Yerba Mate – An Argentine Rite!

13 12 2011

Mate (pronounced mah-tey) is nothing less than a national passion in Argentina! What is Yerba Mate? Physically, is like a primitive tea. It has stimulant properties. Yet consumption of this beverage is a ritualized affair! Young and old, all demographics in Argentina consume this beverage which transcends ethnicity and class. Sharing the beverage is its purpose.

Argentina is the world’s largest producer and consumer of Yerba Mate. It’s a “tea” made from the plant ilex paraguayensis. Argentines consume more mate than coffee. It is definitely a stimulant. It has been swilled for generations, being hailed for health benefits. Yerba Mate may promote weight loss, reduce fatigue, pain and headaches, and has even been claimed to alleviate health problems caused by the Argentine diet, which is very meat-based.

But simply drinking mate is not something Argentinians do alone. Mate is a social ritual. It’s a high social affair. Something to be shared. Sometimes between a woman and her husband. Most times, it is a group ritual. It’s rarely served in restaurants, except in mate “tea bags.” It can be prepared flavored, though most often it’s brewed plain. Some say a good wife is one that can make good mate for her husband.

Sharing mate!

Mate is consumed from a small cup, like a gourd. The gourd itself is the subject of much attention. A brand new mate gourd will not do. It must be prepared. The gourd should be filled with near-boiling water and mate and soaked for at least a day. How does one drink mate? Another essential tool is the mate straw. It’s a metal straw, called a bombilla, with a filter at the bottom, to the participant does not imbibe the leaves. The hot water for the mate is heated to just under boiling-and kept in a thermos.

So, get the picture? To even begin to indulge in this cultural treat, you’ll need 1) a properly prepared gourd; 2) your bombilla; 3) your yerba mate; 4) a thermos filled with hot water and 5) some thirsty participants! Now you can begin!

In a mate ritual, one person, called the cebador, makes the mate and everyone else drinks from the gourd. They fill the gourd with mate, and then pour piping hot water over the herbs.

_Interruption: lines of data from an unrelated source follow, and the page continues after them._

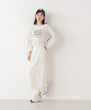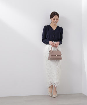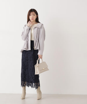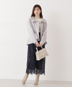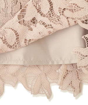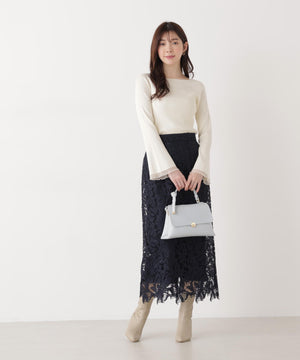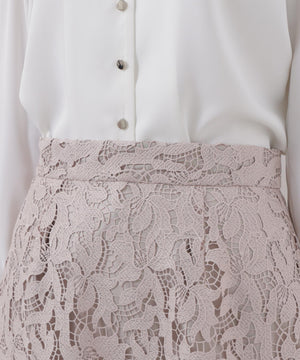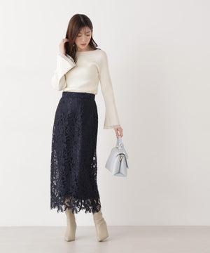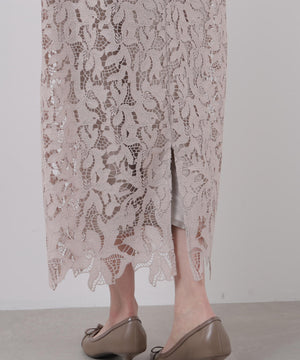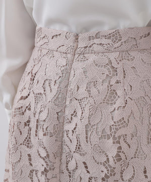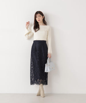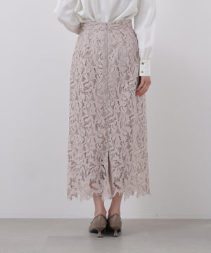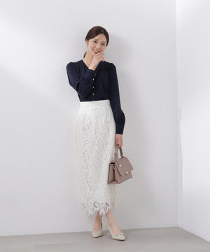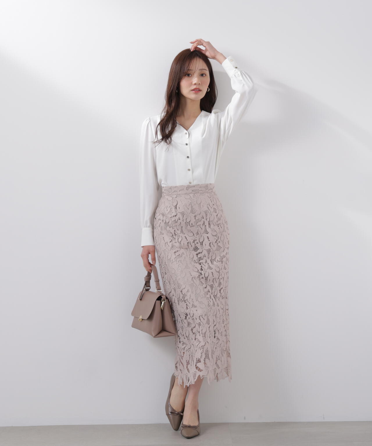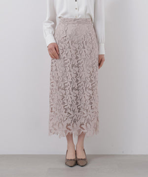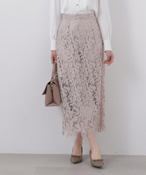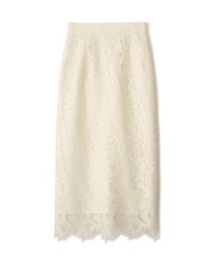 春らしいケミカルレースを使用したオリジナル柄のタイトスカート。花柄の繊細な女性らしさを残しつつ、程よくシャープな印象を加えて大人の可愛さを演出。体のラインを拾いすぎない上品なタイトシルエットです。爽やかで春らしいエクリュカラーとベージュ、大人っぽくシャープなネイビーの3色展開です。
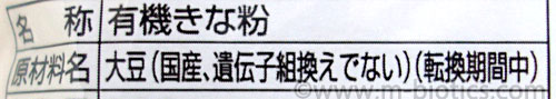 ↑原材料はこちら。国産有機大豆100%です! 「有機きな粉」というと大豆が外国産のこともままあるので、国産というのが素晴らしい。
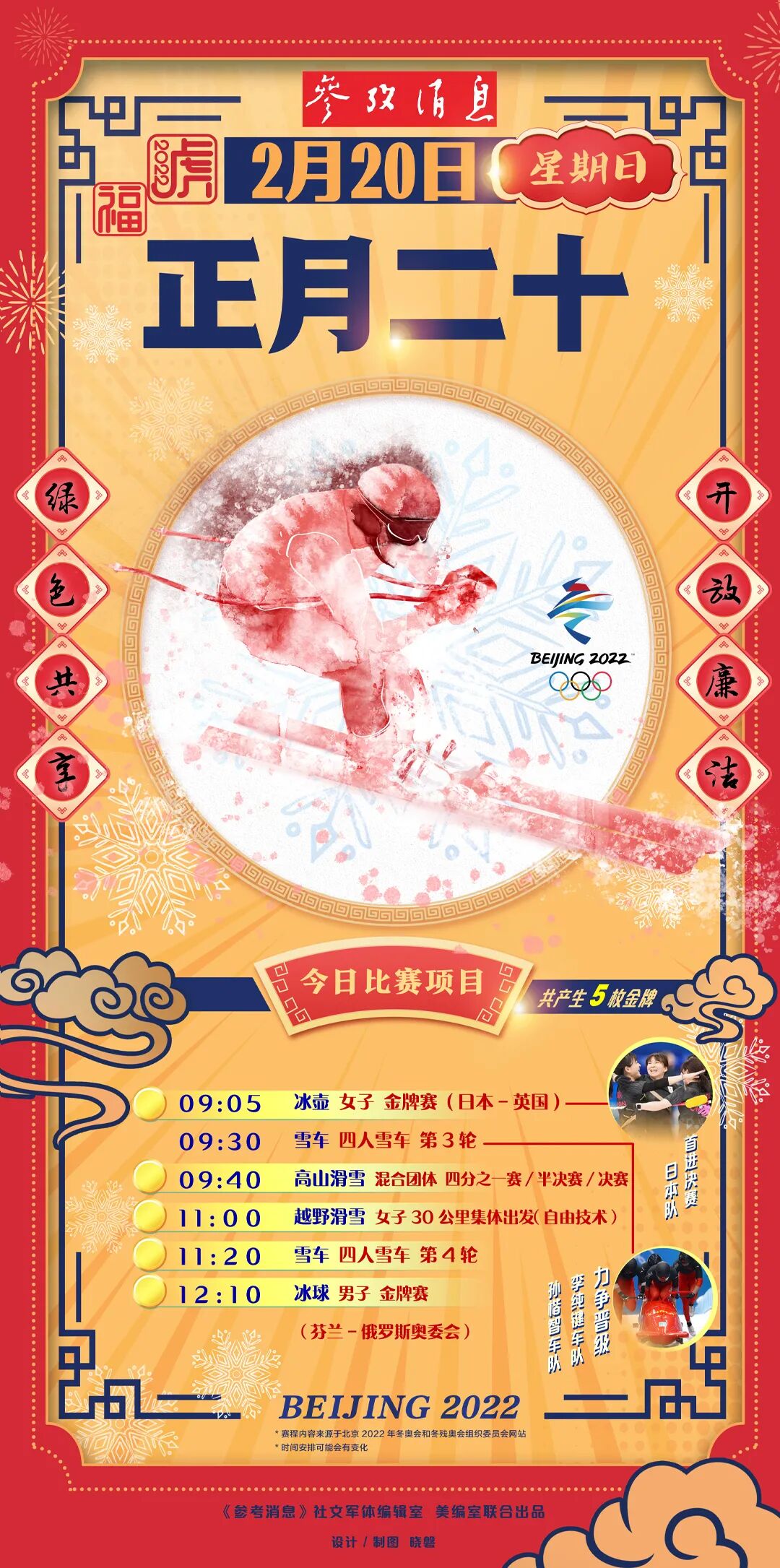 最后,小编为您送上冬奥日历,请查收。记得关注《参考消息》的冬奥专版哦。
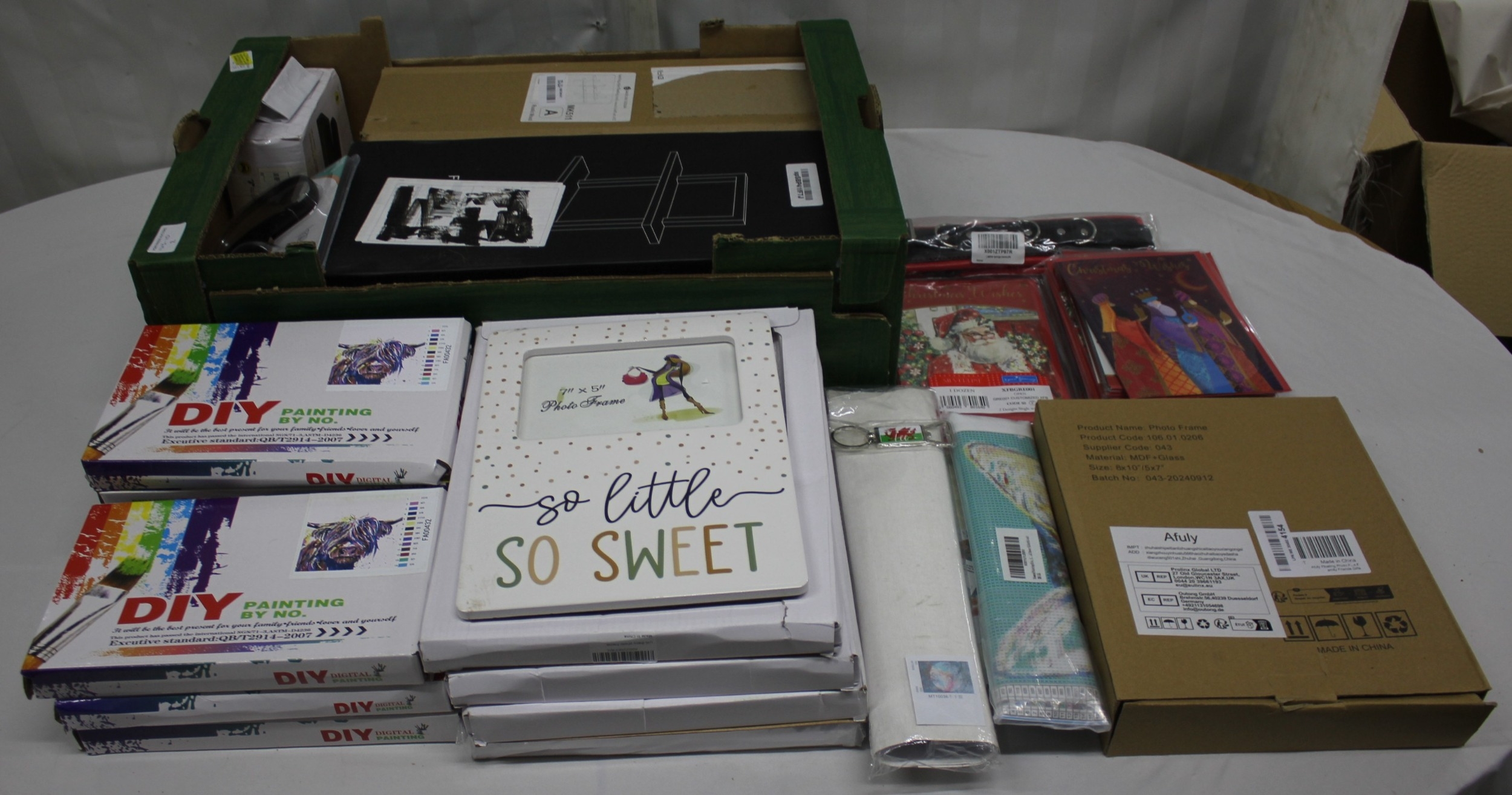 BOX OF MISCELLANEOUS INCLUDING ARTS, CRAFTS, PHOTO FRAMES, ETC
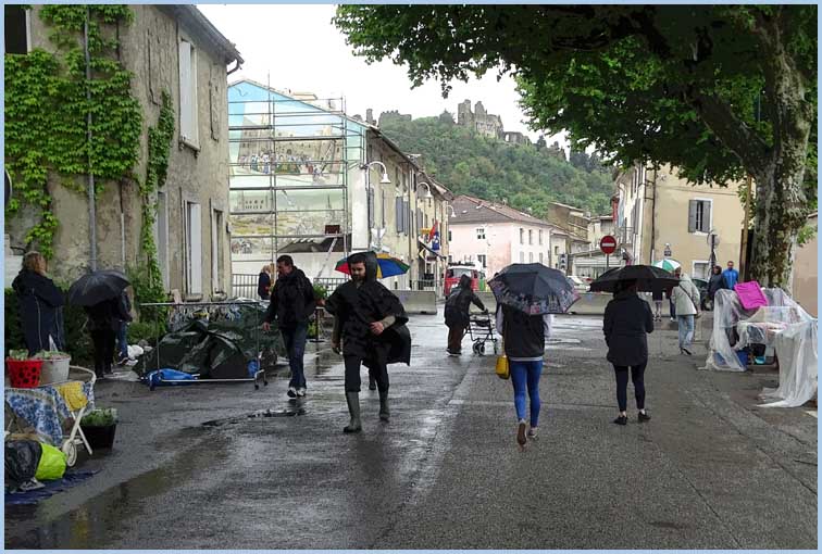 La valse des parapluies entre les stands bâchés.
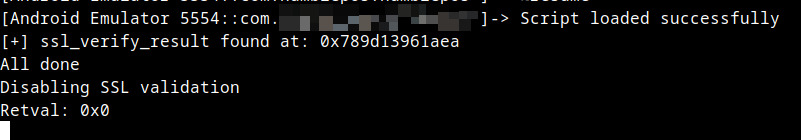 Back in the Frida console, we notice that the hooked function originally would have returned a 0x1 response, but our script modified it such that it returned 0x0 instead:
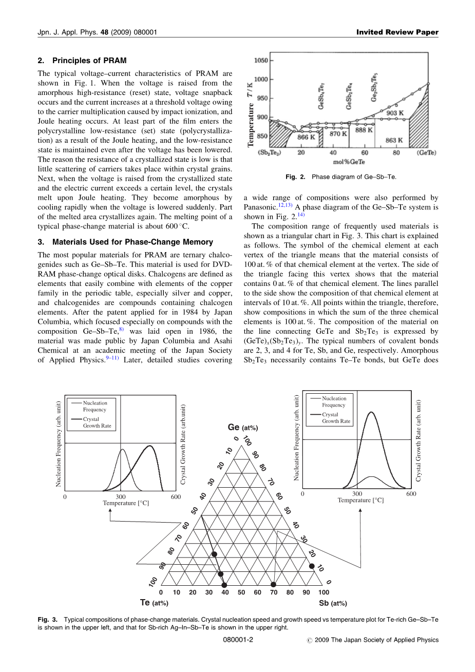 最受欢迎的相变随机存取存储器材料是三元硫族化合物,如Ge-Sb-Te。该材料用于DVD-RAM相变光盘。硫族元素是指容易与元素周期表中铜族元素结合的元素,特别是银和铜,硫族化合物是含有硫族元素的化合物。在日本哥伦比亚公司于1984年申请专利后,该公司于1986年开始专门研究具有Ge-Sb-Te的化合物,这种材料由日本哥伦比亚公司和朝日化学公司在日本应用物理学会的一次学术会议上公开。后来,松下也进行了涵盖各种成分的详细研究。Ge-Sb-Te系统的相图如图2所示。常用材料的组成范围如图3中的三角图所示。这个图表解释如下。三角形每个顶点处化学元素的符号表示该材料由顶点处100 at.%的化学元素组成。面向这个顶点的三角形的边表明,该材料中含有0 at.%的化学元素。平行于这条边的线表示这一化学元素的组成间隔为10 at.%。因此,三角形内的所有点都表示其中三种化学元素之和为100 at.%的组合物。连接GeTe和Sb2Te3线上的材料的组成由(GeTe)x(Sb2Te3)y表示。对于Te、Sb和Ge,共价键的典型数目分别是2、3和4。非晶Sb2Te3必然包含Te-Te键,但GeTe不包含。因此,当配方中的x变得大于y时,该结构更加刚性,就像在热稳定性更好的Ge5Sb2Te8组合物中。因此,当配方中的x变得大于y时,该结构更加刚性,如在热稳定性更好的Ge5Sb2Te8组合物中。对于这种组合物,结晶的能垒变得更高。
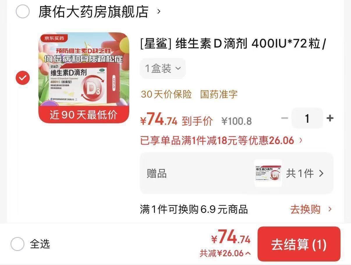 星鲨维生素D3滴剂144粒 74.74元,星鲨维生素D3滴剂72粒 买一赠一共到手2盒 发报员Z 2026年04月06日 15:31 0 举报 74.74元144粒 星鲨好价星鲨 维生素D3滴剂72粒 https://u.jd.com/jOtosv6 买一赠一,共到手2盒OTC版本放心买,孩子每天都要吃 ! 复制文案
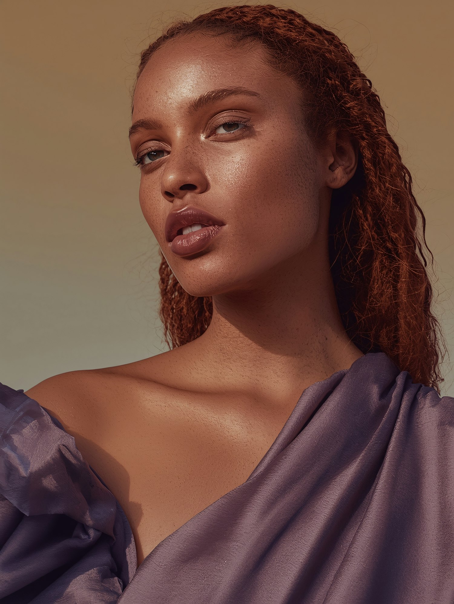 A stunning portrait of a woman with freckles, red hair, and a purple off-shoulder outfit, set against a warm-toned background.
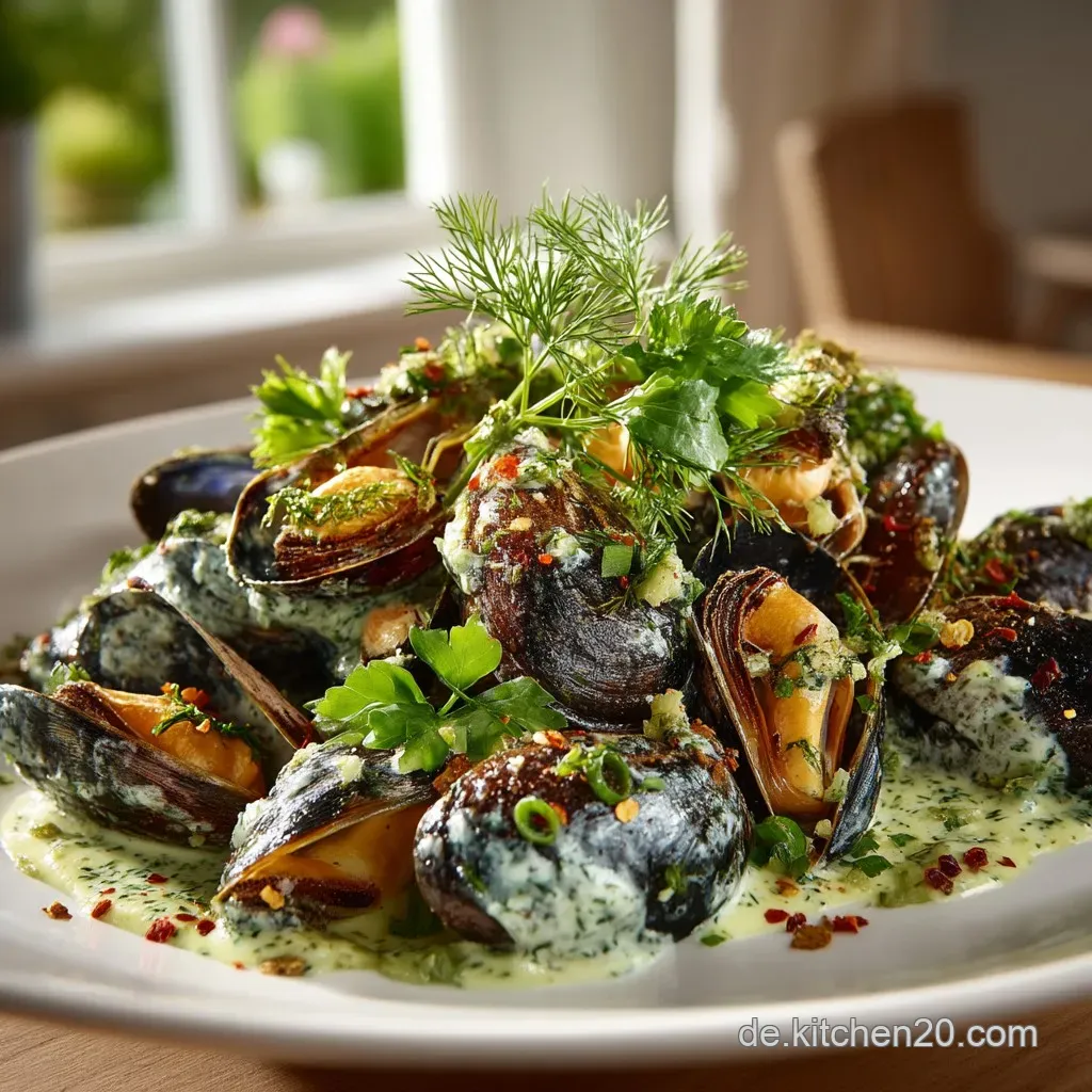 Eine weitere Abwandlung für ein noch reichhaltigeres Geschmackserlebnis ist die Substitution der Sahne durch Crème Fraîche, was eine leicht säuerliche Tiefe in das Muscheln Rezept Italienisch einbringt.
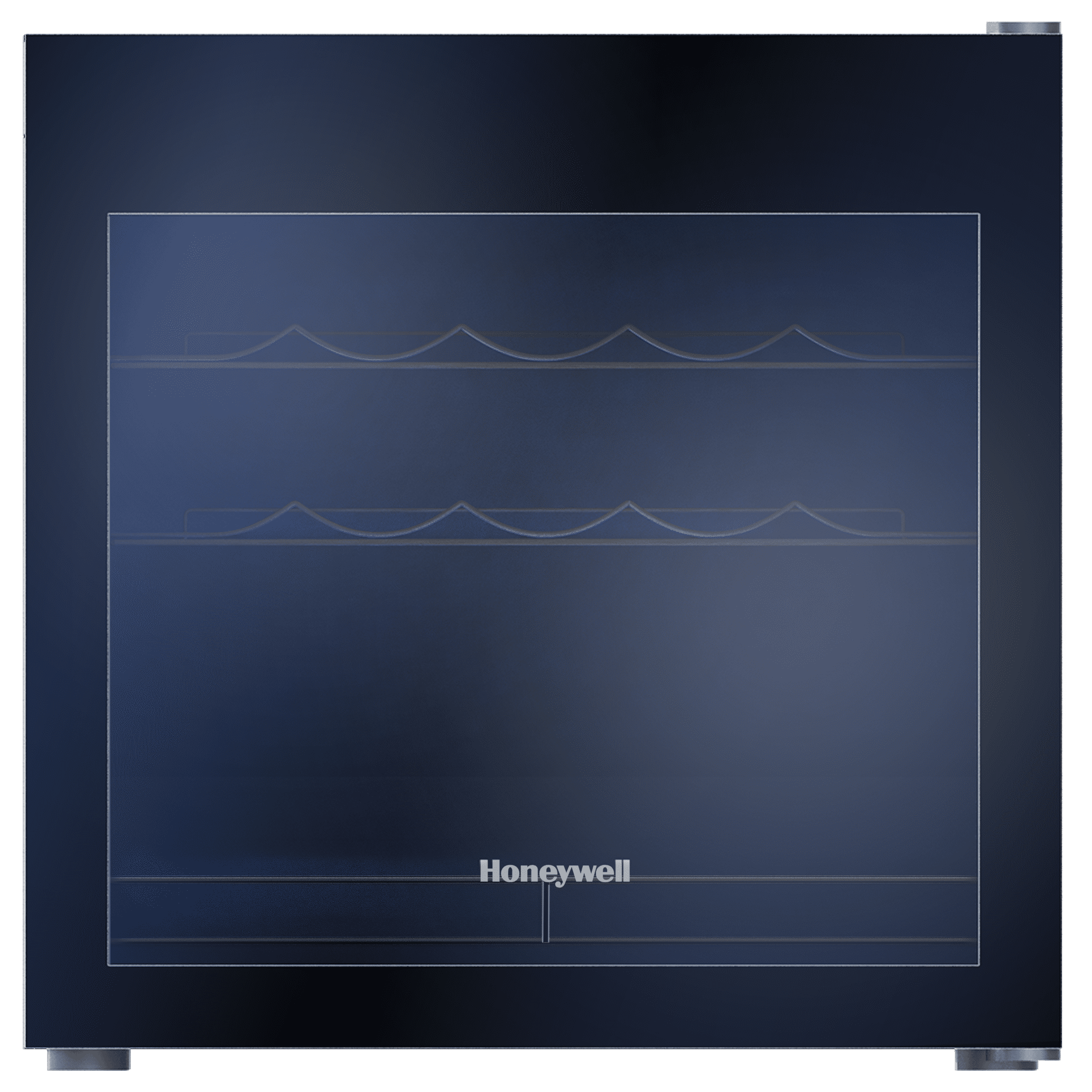The Honeywell 14-bottle wine cooler has an adjustable thermostat, glass door, recessed door handle. This cooler has slide-out chrome shelves. The dimensions are 18.9 in. x 17.2 in. x 20.4 in.

The gourd is passed to the first participant, who is expected to finish the entire gourd dry. It’s then passed back to the cebador, where it’s recharged with water and passed on to the next participant. This continues until the thermos is empty.

Out in Patagonia, gas stations often have hot water heaters for travelers needing to fill thermoses for their mate!

Nobody wants to be out on the highway driving without mate by their side, right? This guy in Patagonia has two thermoses!

And these young portenos in Buenos Aires are sharing some mate on a nice 85-degree Saturday afternoon!